Data extracted from a collection
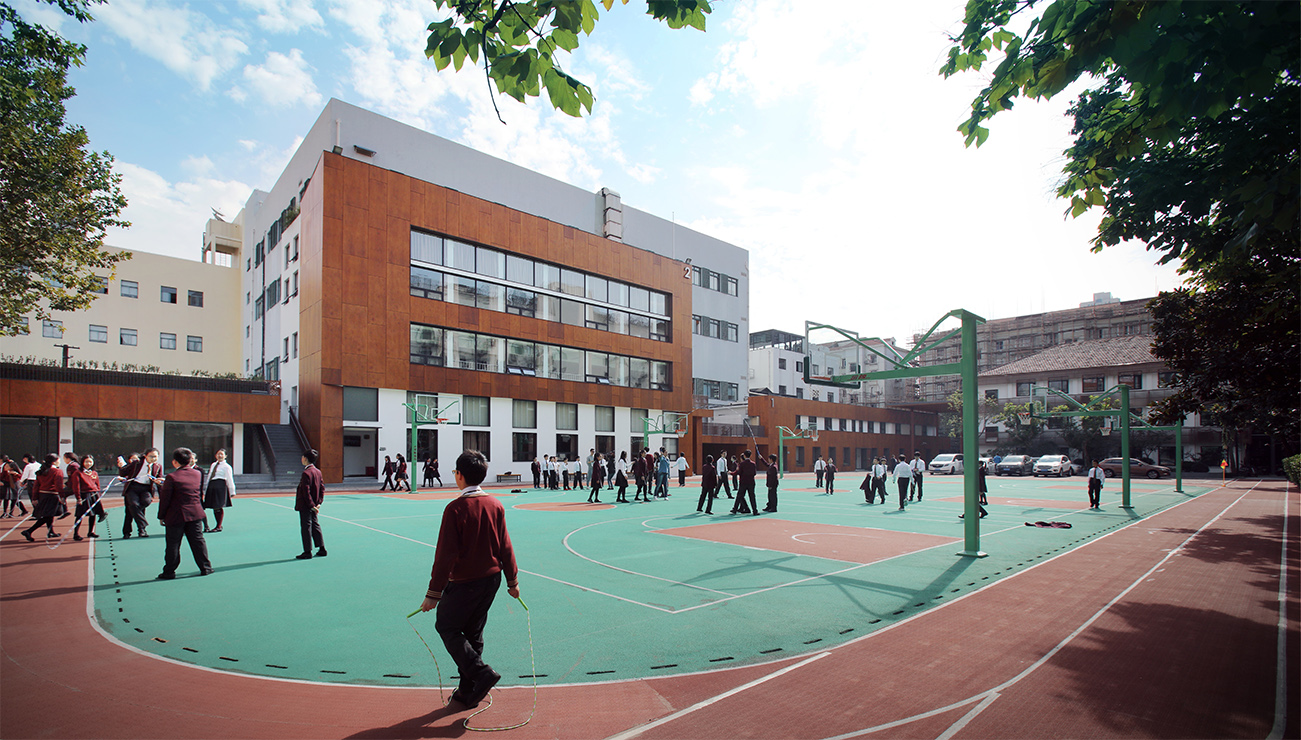 教育, 随着上海中心城区更新的推进,也逐渐出现了不同的发展需求:一方面,随着老龄化和中心区人口的外迁,逐步的校舍资源有所释放,另一方面,中心城区同样面临国际化、先进化的功能配置需求和城市功能升级。而优秀教育资源的导入也需要新的硬件条件加以支撑,本项目正是基于这两点,对原有教育资源的改造。
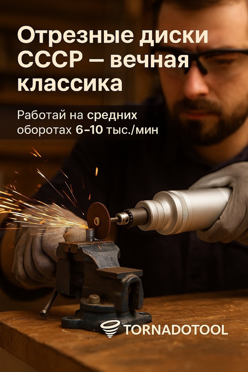 Отрезные диски СССР — вечная классика Почему их любят мастера •Жёсткие, тонкий пропил, предсказуемая линия. •Режут сталь, латунь, алюминий, винты/гвозди, тонкие профили. •Хорошо держат форму, не «плывут» при аккуратной подаче. Как работать правильно •Средние обороты (~6–10 тыс./мин), короткие проходы. •Короткий вылет, диск строго соосно в патроне 0,5–6,5 мм. •Вести диском, не давить — пусть режет абразив. •Очки + респиратор обязательны; заготовку жёстко фиксировать. Лайфхак Tornadotool •С нашим патроном 0,5–6,5 мм ставишь и советские диски, и современные — без смены цанг. •Мощная тяга на низких оборотах помогает резать аккуратно и без перегрева.
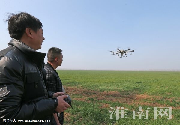 2月27日,寿西湖农场5.6万亩小麦田里,一台台大型自走式喷药机飞奔,一架架无人植保机穿梭,田间地头一片繁忙景象。当前,小麦逐步进入返青拔节期,寿西湖农场掀起春季田间管理高潮,职工利用各种机械喷洒农药、微肥、除草剂等,为粮食再次增产丰收打下基础。(记者 倪军 陈海涛 通讯员 余 飞 摄)
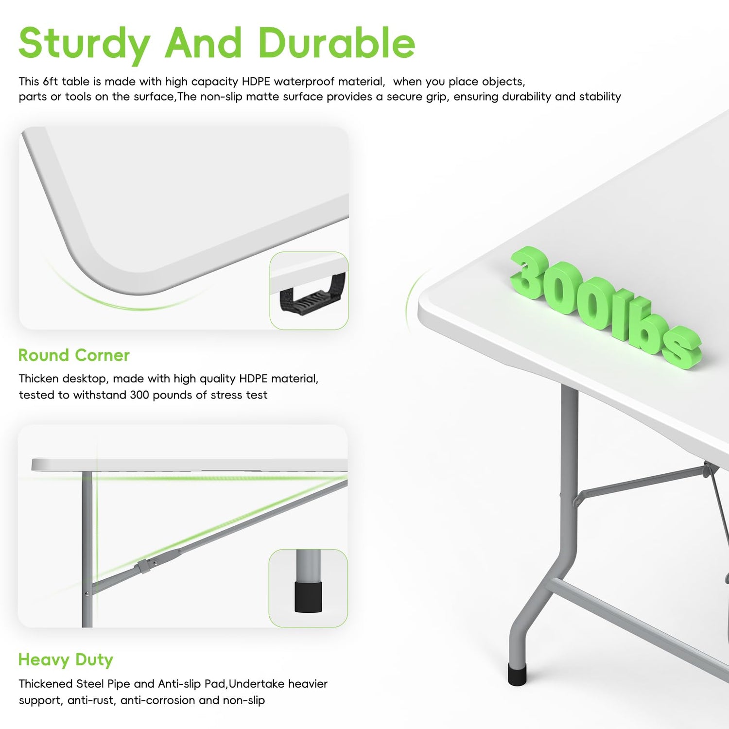 - High-Quality & Sturdy: Constructed with premium HDPE material and reinforced steel legs, our 6 ft folding table can hold up to 300 pounds, ensuring long-lasting stability and durability
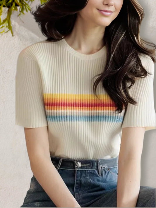 Anna-Kaci Women's Short Sleeve Ribbed Knit Sweater with Vintage Rainbow Stripes
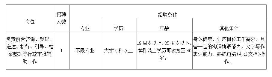 為充實(shí)桂林市政務(wù)服務(wù)中心服務(wù)人員力量,提高政務(wù)服務(wù)效率質(zhì)量,根據(jù)《關(guān)于印發(fā)桂林市市直機(jī)關(guān)事業(yè)單位編外聘用人員管理規(guī)定的通知》(市人社發(fā)〔2016〕132號(hào))要求,現(xiàn)決定面向社會(huì)公開招聘編外行政輔助人員1人?,F(xiàn)將有關(guān)事項(xiàng)公告如下:
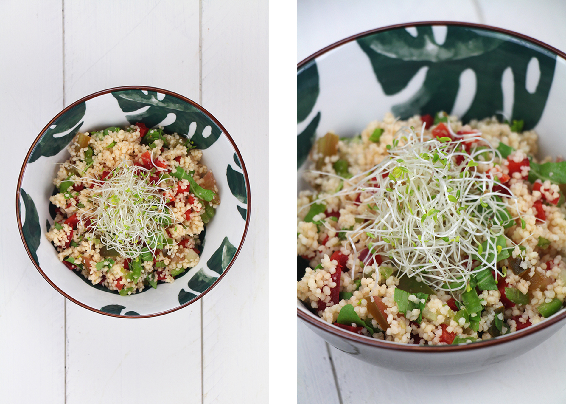 Cuando acabemos de cortar todas las verduras ya habrá terminado el tiempo de cocción del cous cous o bulgur. Entonces lo verteremos sobre el bol con verduras y lo removeremos bien para mezclar todos los ingredientes. Lo taparemos con papel film y lo llevaremos a la nevera un mínimo de 2 horas. Es importante dejar reposar la preparación y que esté refrigerada, porque así los sabores se combinarán mejor y el grano del cous cous o bulgur no estará apelmazado. Sin problema puede elaborarse de un día para otro y os puede aguantar hasta 2 días, por si decidís hacer más cantidad.

HOW TO COMPLETE THIS TASK:
Return the lines exactly as they stand, from the start of the entries through the line holding "- High-Quality &"; omit the pictures.

RESPONSE:
 教育, 随着上海中心城区更新的推进,也逐渐出现了不同的发展需求:一方面,随着老龄化和中心区人口的外迁,逐步的校舍资源有所释放,另一方面,中心城区同样面临国际化、先进化的功能配置需求和城市功能升级。而优秀教育资源的导入也需要新的硬件条件加以支撑,本项目正是基于这两点,对原有教育资源的改造。
 Отрезные диски СССР — вечная классика Почему их любят мастера •Жёсткие, тонкий пропил, предсказуемая линия. •Режут сталь, латунь, алюминий, винты/гвозди, тонкие профили. •Хорошо держат форму, не «плывут» при аккуратной подаче. Как работать правильно •Средние обороты (~6–10 тыс./мин), короткие проходы. •Короткий вылет, диск строго соосно в патроне 0,5–6,5 мм. •Вести диском, не давить — пусть режет абразив. •Очки + респиратор обязательны; заготовку жёстко фиксировать. Лайфхак Tornadotool •С нашим патроном 0,5–6,5 мм ставишь и советские диски, и современные — без смены цанг. •Мощная тяга на низких оборотах помогает резать аккуратно и без перегрева.
 2月27日,寿西湖农场5.6万亩小麦田里,一台台大型自走式喷药机飞奔,一架架无人植保机穿梭,田间地头一片繁忙景象。当前,小麦逐步进入返青拔节期,寿西湖农场掀起春季田间管理高潮,职工利用各种机械喷洒农药、微肥、除草剂等,为粮食再次增产丰收打下基础。(记者 倪军 陈海涛 通讯员 余 飞 摄)
 - High-Quality & Sturdy: Constructed with premium HDPE material and reinforced steel legs, our 6 ft folding table can hold up to 300 pounds, ensuring long-lasting stability and durability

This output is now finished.